There was a pause, and then a dozen two-legged beings came into view. They wore almost transparent armour, and they dragged, or guided, great floating machines. Swiftly, the machines were concentrated around a small area on the ship’s surface. From a distance, the flames that poured forth seemed small, but their dazzling brightness indicated either enormous heat or else a titanic concentration of other radiation. What was obviously repair work proceeded at an alarming rate.

Frantically, Ixtl probed the screen that barred him from the ship, looking for weak spots. He found none. The force was too complex, its coverage too wide, for anything that he could muster against it. He had sensed that at a distance. Now he faced the reality of it.

The work — Ixtl saw they had removed a thick section of the outer wall and replaced it with new material — was finished almost as quickly as it had begun. The incandescent glare of the welders died spluttering into darkness. Machines were unclamped, floated toward the opening, down into it, and out of sight. The two-legged beings scrambled after them. The large, curved plain of metal was suddenly as deserted and lifeless as space itself.

The shock of that nearly unseated Ixtl’s reason. He couldn’t let them escape him now, when the whole universe was in his grasp — a few short yards away. His arms reached out, as if he would hold the ship by his need alone. His body ached with a slow, rhythmical hurt. His mind spun toward a black, bottomless pit of despair, but poised just before the final plunge.

The great door was slowing in its swift rotation. A solitary being squeezed through the ring of light and ran to the area that had been repaired. He picked up something and started back towards the open air lock. He was still some distance from it when he saw Ixtl.
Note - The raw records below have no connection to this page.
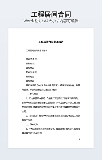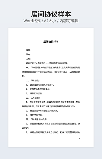 本作品内容为土地居间服务合同下载,大小为17.39KB,作品为高清大图模板,格式为docx, 属于居间合同模板,作品模板源文件下载后可用编辑替换,模板中如有人物画像仅供参考禁止商用。小Q办公网-提供简历,PPT,Word,Excel优质模板素材下载模版平台,拥有海量的工作总结、竞聘求职、年终颁奖、计划书等。 通过小Q办公网下载居间合同模板源文件编辑修改源文件文字和图片即可使用。
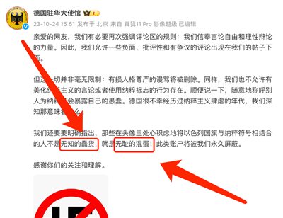 10月24日,德国驻华大使馆的官微,发了一条非常失态的帖子,把一些中国网友称为“无知的蠢货”和“无耻的混蛋”。
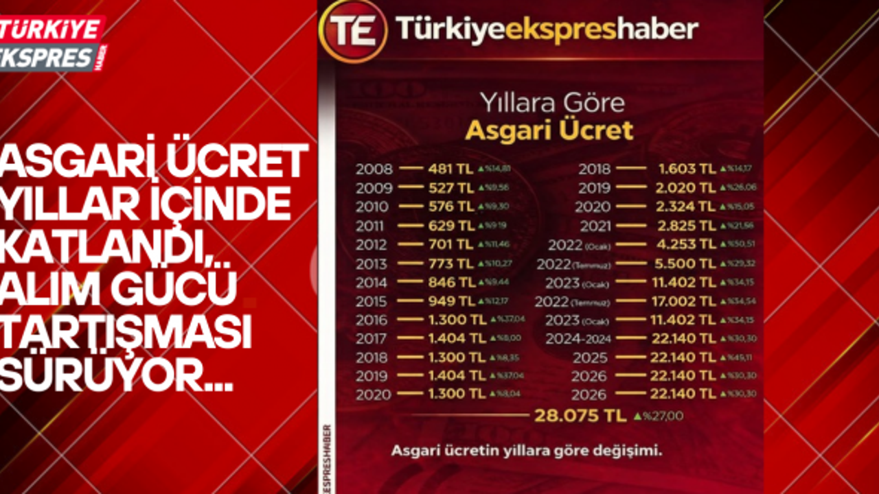 2024 ve 2025 yıllarında ise 22 bin TL’nin üzerine çıkan asgari ücret, yüzde 27’lik son artışla 28.075 TL oldu.
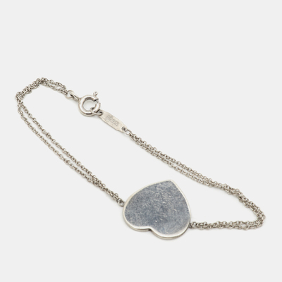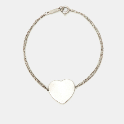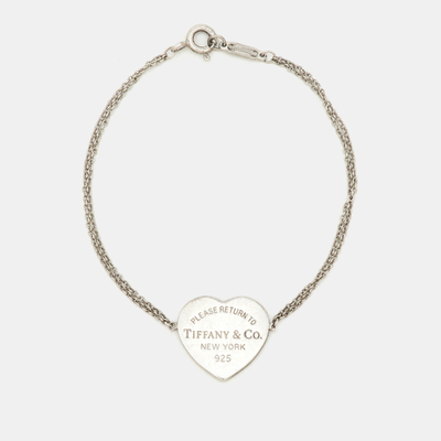 This double chain bracelet reimagines the classic Return to Tiffany heart tag in gleaming sterling silver, giving it a layered look that feels modern yet familiar. The engraved tag adds a whisper of nostalgia, while the twin chains bring texture and movement to the wrist.
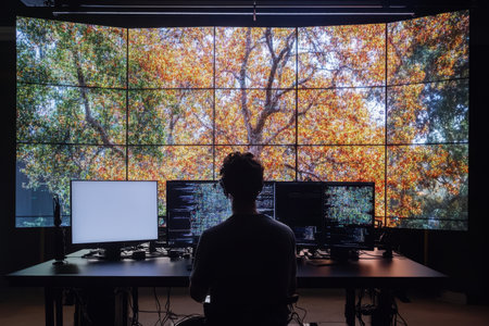 A tech expert focuses on multiple screens in an office setting, with colorful autumn foliage visible outside.
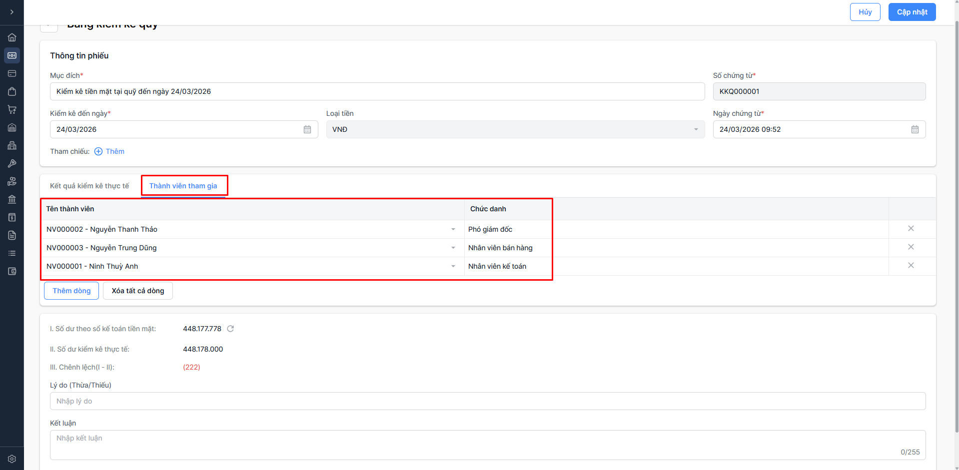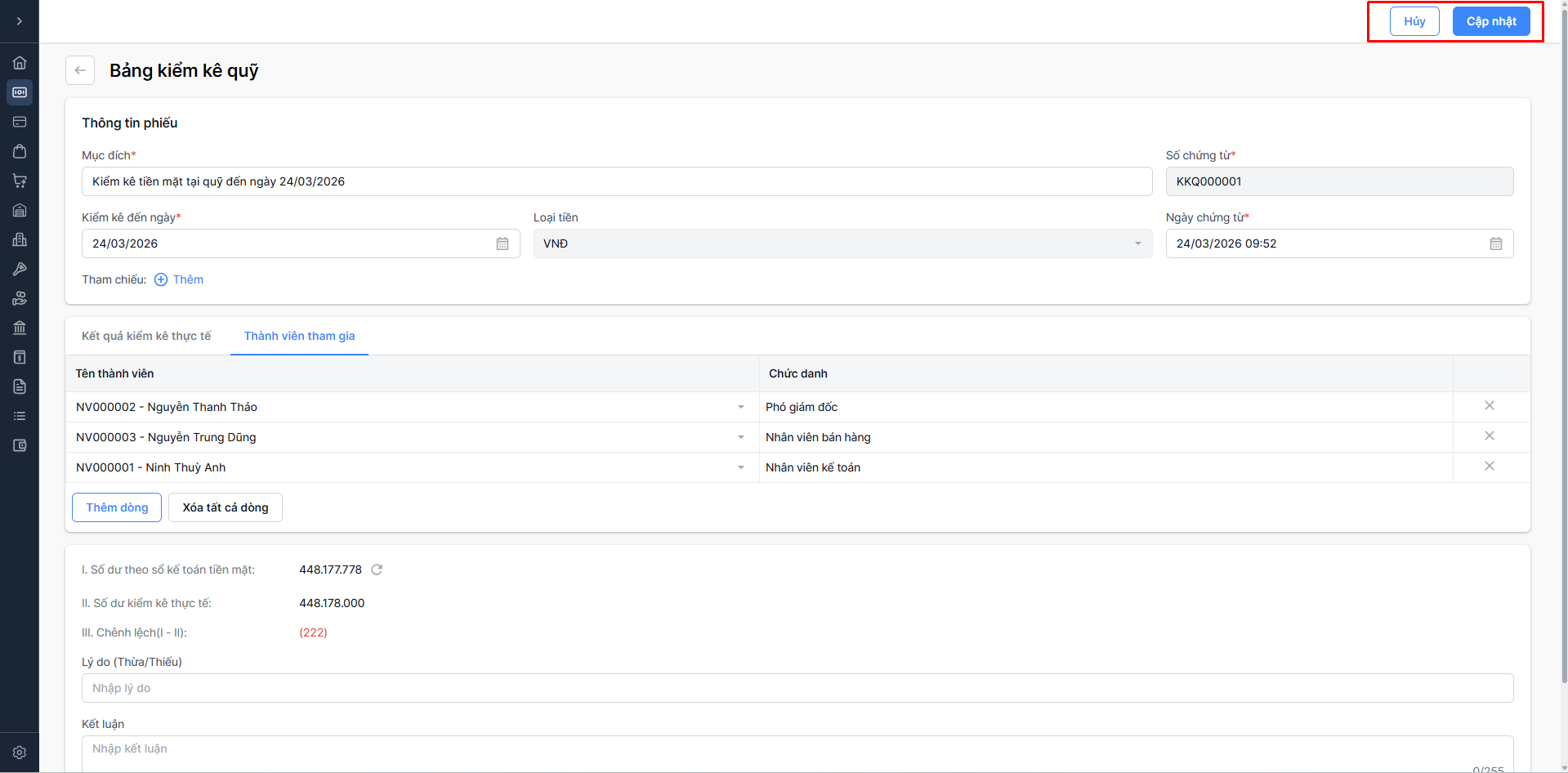 Bước 3: Chỉnh sửa thông tin bảng kiểm kê quỹ

He stopped as if he had been struck. Stopped, that is, in a physically unbalanced fashion. In the glow from the portholes, his face was plainly visible through his transparent space suit. His eyes were wide, his mouth open. He seemed to catch himself. His lips began to move rapidly. A minute later, the door was rotating again, outward. It swung open, and a group of the beings came out and looked at Ixtl. A discussion must have followed, for their lips moved at uneven intervals, first one individual’s, then another’s.

Presently, a large metal-barred cage was floated up out of the air lock. There were two men sitting on it, and they seemed to be steering it under its own power. Ixtl guessed that he was to be captured.

Curiously, he had no sense of lift. It was as if a drug was affecting him, dragging him down into an abyss of fatigue. Appalled, he tried to fight the enveloping stupor. He would need all his alertness if his race, which had attained the very threshold of ultimate knowledge, was to live again.

CHAPTER FOURTEEN

“How in the name of all the hells can anything live in intergalactic space?” The voice, strained and unrecognizable, came through the communicator of Grosvenor’s space suit as he stood with the others near the air lock. It seemed to him that the question made the little group of men crowd closer together. For him, the proximity of the others was not quite enough. He was too aware of the impalpable yet inconceivable night that coiled about them, pressing down to the very blazing portholes.

Almost for the first time since the voyage had begun, the immensity of the darkness struck home to Grosvenor. He had looked at it so often from inside the ship that he had become indifferent. But now he was suddenly aware that man’s farthest stellar frontiers were but a pin point in this blackness that reached billions of light-years in every direction.

The voice of Director Morton broke through the scared silence. “Calling Gunlie Lester inside the ship…. Gunlie Lester….”

There was a pause; then, “Yes, Director?”

Grosvenor recognized the voice of the head of the astronomy department.

“Gunlie,” Morton went on, “here’s something for your astro-mathematical brain. Will you please give us the ratio of chance that blew out the drivers of the Beagle at the exact point in space where that thing was floating? Take a few hours to work it out.”

The words brought the whole scene into even sharper focus. It was typical of mathematician Morton that he let another man have the limelight in a field in which he himself was a master.